What Tessarion Means for the Balance of the War
Whereas Team Black had the advantage in season two through sheer dragon numbers, Daeron and Tessarion provide Team Green with the edge they need to start securing wins, with a handful of houses and even an entire region bending the knee to Aegon II specifically to avoid facing Daeron and his dragon. That kind of deterrent power matters enormously in a war where aerial supremacy is decisive.
Daeron’s arrival with Tessarion gives the Green faction a third aerial asset at exactly the moment when the Black faction’s dragon advantage is most threatening, creating a second front that Rhaenyra’s forces must address simultaneously alongside the Gullet engagement and the Riverlands campaign.
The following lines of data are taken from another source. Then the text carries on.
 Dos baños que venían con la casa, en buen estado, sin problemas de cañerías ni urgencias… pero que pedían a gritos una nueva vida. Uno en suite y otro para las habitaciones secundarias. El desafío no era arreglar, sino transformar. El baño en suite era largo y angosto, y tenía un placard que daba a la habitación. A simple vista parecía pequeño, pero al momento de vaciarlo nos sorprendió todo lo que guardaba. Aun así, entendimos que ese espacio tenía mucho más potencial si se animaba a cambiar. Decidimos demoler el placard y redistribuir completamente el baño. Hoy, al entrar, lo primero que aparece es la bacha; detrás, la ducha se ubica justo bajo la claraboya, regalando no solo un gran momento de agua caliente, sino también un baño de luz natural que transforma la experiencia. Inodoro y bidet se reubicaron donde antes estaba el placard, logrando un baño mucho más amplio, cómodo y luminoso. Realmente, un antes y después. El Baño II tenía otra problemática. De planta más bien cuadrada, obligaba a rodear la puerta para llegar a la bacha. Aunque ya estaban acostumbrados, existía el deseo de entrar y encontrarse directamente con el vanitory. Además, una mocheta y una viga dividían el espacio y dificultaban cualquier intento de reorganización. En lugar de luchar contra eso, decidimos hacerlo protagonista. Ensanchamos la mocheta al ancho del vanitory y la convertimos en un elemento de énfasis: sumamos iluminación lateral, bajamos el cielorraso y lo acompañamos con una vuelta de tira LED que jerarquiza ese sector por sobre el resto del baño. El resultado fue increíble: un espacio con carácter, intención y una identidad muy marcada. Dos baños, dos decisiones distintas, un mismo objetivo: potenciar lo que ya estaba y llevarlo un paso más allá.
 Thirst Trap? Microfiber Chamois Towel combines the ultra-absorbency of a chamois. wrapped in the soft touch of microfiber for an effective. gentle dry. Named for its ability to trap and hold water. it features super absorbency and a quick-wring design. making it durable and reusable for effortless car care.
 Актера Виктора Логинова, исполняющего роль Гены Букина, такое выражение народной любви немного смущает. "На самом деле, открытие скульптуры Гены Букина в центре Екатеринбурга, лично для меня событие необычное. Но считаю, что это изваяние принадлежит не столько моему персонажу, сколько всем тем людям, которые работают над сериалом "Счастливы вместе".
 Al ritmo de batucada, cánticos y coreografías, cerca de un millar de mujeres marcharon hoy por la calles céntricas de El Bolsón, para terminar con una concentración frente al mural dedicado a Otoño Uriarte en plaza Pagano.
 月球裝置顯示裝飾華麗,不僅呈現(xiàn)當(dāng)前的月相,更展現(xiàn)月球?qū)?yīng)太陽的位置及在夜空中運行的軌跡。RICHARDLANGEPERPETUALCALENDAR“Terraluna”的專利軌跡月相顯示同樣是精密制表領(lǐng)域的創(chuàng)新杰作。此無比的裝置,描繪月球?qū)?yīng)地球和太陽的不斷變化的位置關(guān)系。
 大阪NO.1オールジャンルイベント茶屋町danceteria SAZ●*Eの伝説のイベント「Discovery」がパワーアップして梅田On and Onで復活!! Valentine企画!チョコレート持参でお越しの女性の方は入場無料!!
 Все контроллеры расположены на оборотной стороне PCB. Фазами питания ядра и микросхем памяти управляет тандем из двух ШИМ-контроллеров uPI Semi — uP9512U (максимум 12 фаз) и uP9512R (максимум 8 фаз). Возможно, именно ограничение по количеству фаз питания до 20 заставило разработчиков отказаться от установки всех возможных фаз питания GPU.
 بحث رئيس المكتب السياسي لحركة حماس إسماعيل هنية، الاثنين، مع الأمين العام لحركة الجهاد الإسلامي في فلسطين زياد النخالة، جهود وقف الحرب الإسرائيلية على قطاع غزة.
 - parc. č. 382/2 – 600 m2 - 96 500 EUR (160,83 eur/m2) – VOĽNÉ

The blue dragon lurking quietly in the Hightower camp is not just a piece of visual lore, it is a loaded threat that the showrunners are letting breathe before it fully detonates.
The season three premiere made clear that the Dance of the Dragons is entering a new phase, one where victories will be measured not by territory gained but by what remains after the bloodshed ends. Tessarion and her rider are a central part of that brutal reckoning to come, and now that the Blue Queen has finally been properly glimpsed on screen, the question of when Daeron truly steps forward is one that ‘House of the Dragon’ fans will not stop asking until the answer arrives.
If you have been following the lore of ‘Fire and Blood’, does Daeron the Daring’s quiet introduction in the season three premiere feel like the right way to handle a character who has been missing this long, or should the show have brought him in sooner?